The more Jonny Lee Miller looked at Matthew, the angrier he got—how had a sleaze like this weaseled into black hawk down as a key supporting role?

"That guy's a bastard!" Tom Hardy strode over and planted himself beside Jonny Lee Miller. "Back when we shot band of brothers I nearly decked him in a bar."

"You two have history?" Jonny Lee Miller asked.

Tom Hardy didn't even hesitate. "He cost me my screen time—got my scenes cut."

Jonny shifted his gaze to Tom; the man's eyes were openly hostile toward Matthew Horner.

Sharing the same Agent, Jonny knew Tom well enough: cushy background, swollen ego, convinced of his own brilliance—classic young-and-stupid.

"So you're just letting it slide?" Jonny folded his arms. "Pretending it never happened?"

Tom snorted. "Hell no."

Jonny's eyes narrowed; he clapped Tom on the shoulder. "Straight talk, mate—I've got a major beef with him too. If you need backup, count me in."

Tom scratched his head, recalling Jonny's boasts. "I've got an idea. Aren't you pretty good at that particular game? Maybe we can run it on Matthew Horner."

Jonny shook his head at once. "He's a bloke."

Sure, he threw wild multi-girl parties at the Malibu house, but they were always women.

He understood Tom's drift; he'd bragged about it on purpose and wasn't worried about rumors—without hard video, anything Tom leaked would stay gutter gossip.

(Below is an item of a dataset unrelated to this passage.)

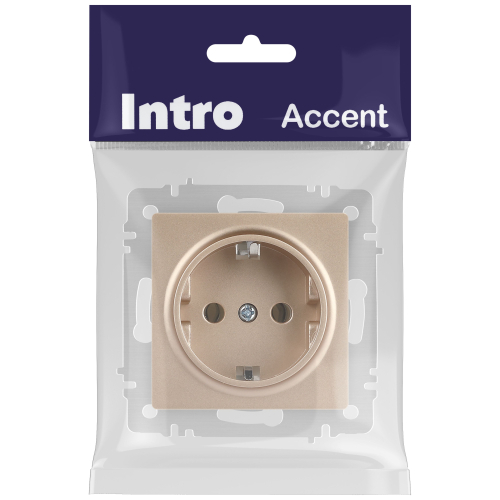 Розетка с заземлением серии Intro Accent скрытой установки механизм цвет шампань 6-202-04. Номинальные характеристики 16А 250В. Выполнена из негорючего термопласта, подходит для медной и алюминиевой проводки, оснащена винтовыми клеммами. Парные клеммы обеспечивают соединение шлейфом. Монтаж в подрозетник производится и на лапки, и на винты. Рамка приобретается отдельно. В серии представлены рамки до 5 постов: на 1 пост - 6-501-хх, на 2 поста - 6-502-хх, на 3 поста - 6-503-хх, на 6 поста - 4-504-хх, на 5 постов - 6-505-хх (где хх - цветовой код: 01 - белый, 01М - матовый белый, 02 - слоновая кость, 03 - алюминий, 04 - шампань, 05 - антрацит, 06 - перламутр, 07 - графит, 08 - бронза, 09 - титан, 10 - венге, 11 - сосна)

"Hear me out, John!" Tom knew he was outgunned alone; dragging Jonny Lee Miller in would tip the odds. "You only need to run the opening act on him—no need to take it to the final curtain…"

Jonny weighed it, thought of that videotape, and finally nodded.

Two schemers, one accord.

As the break neared its end, James McAvoy slapped in a blank mag and warned Matthew, "Tom Hardy's been eyeing you for the past five minutes—Jonny Lee Miller too."

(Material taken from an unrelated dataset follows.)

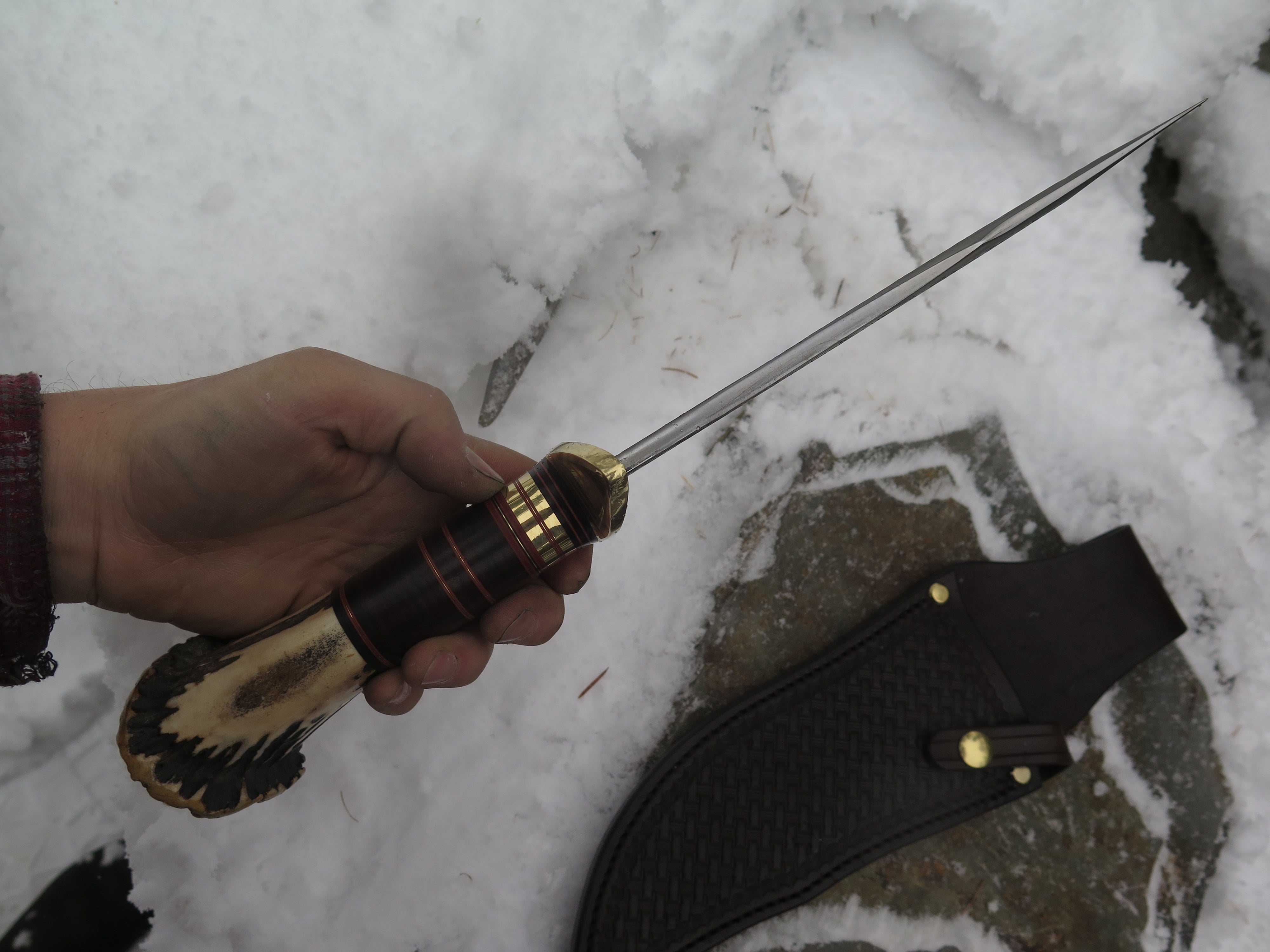 Crown Stag & Horsehide Scagel style Bowie

Matthew snapped his stripped M1911A1 back together. "I noticed."

"Bad blood between you and Jonny Lee Miller?" James asked.

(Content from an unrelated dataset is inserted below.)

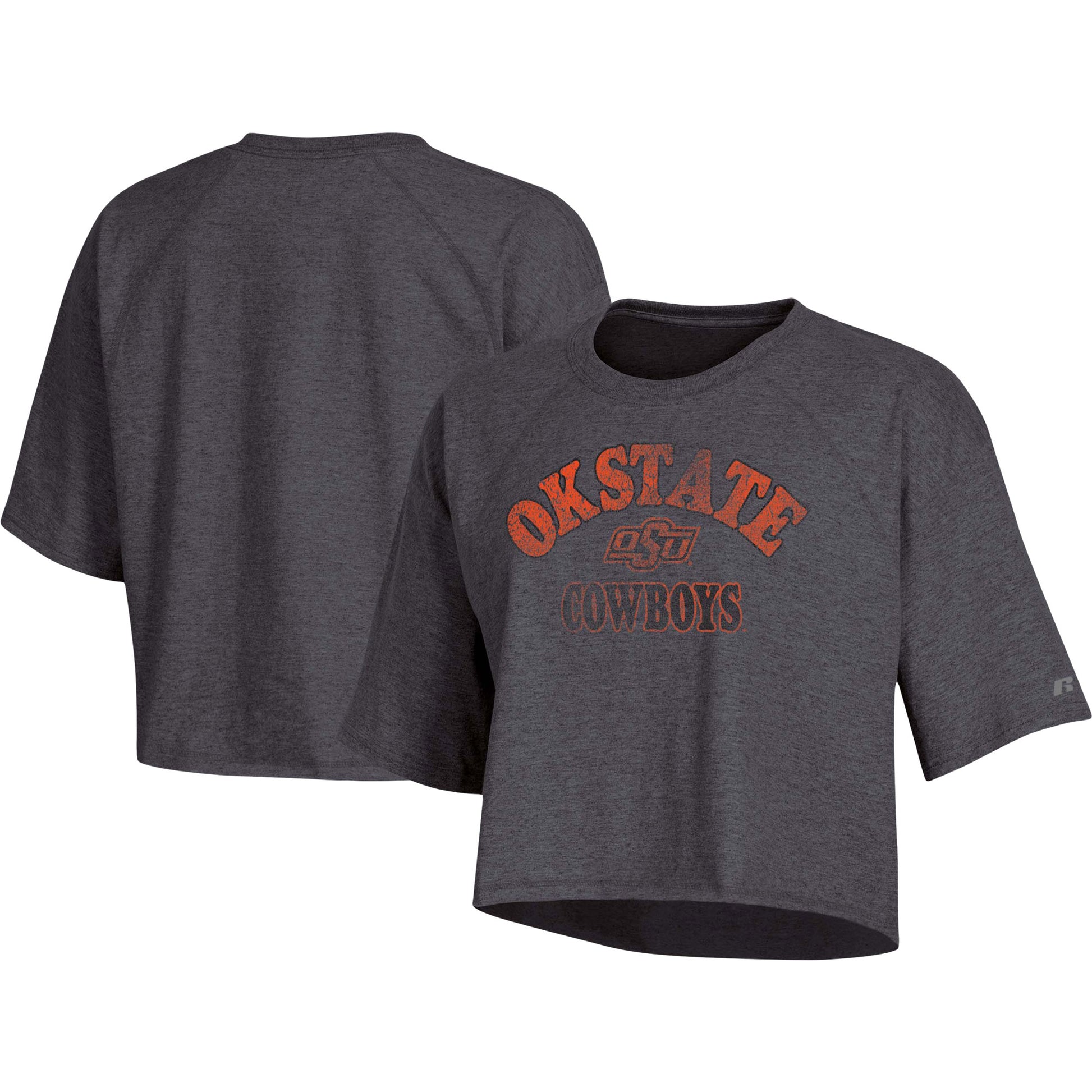 Women's Russell Heathered Charcoal Oklahoma State Cowboys Raglan Half-Sleeve Cropped T-Shirt

"Hard to say for sure." Matthew kept it short. "When Jonny and Angelina Jolie split, I helped her out."

Judging by the way Jonny kept glancing over, Matthew figured he'd started connecting the dots.

He knew his résumé listed girl, interrupted; half the crew back then knew he'd come in via Angelina. Add the Red Penguin driver angle and anyone with a brain would do the math.

The story wouldn't hold up under scrutiny. He'd hoped avoiding Jonny would keep things quiet—only to end up shooting black hawk down shoulder-to-shoulder with him.

He holstered the pistol, grabbed his CAR-15, and called to James McAvoy and Ben Foster, "Let's roll—training time."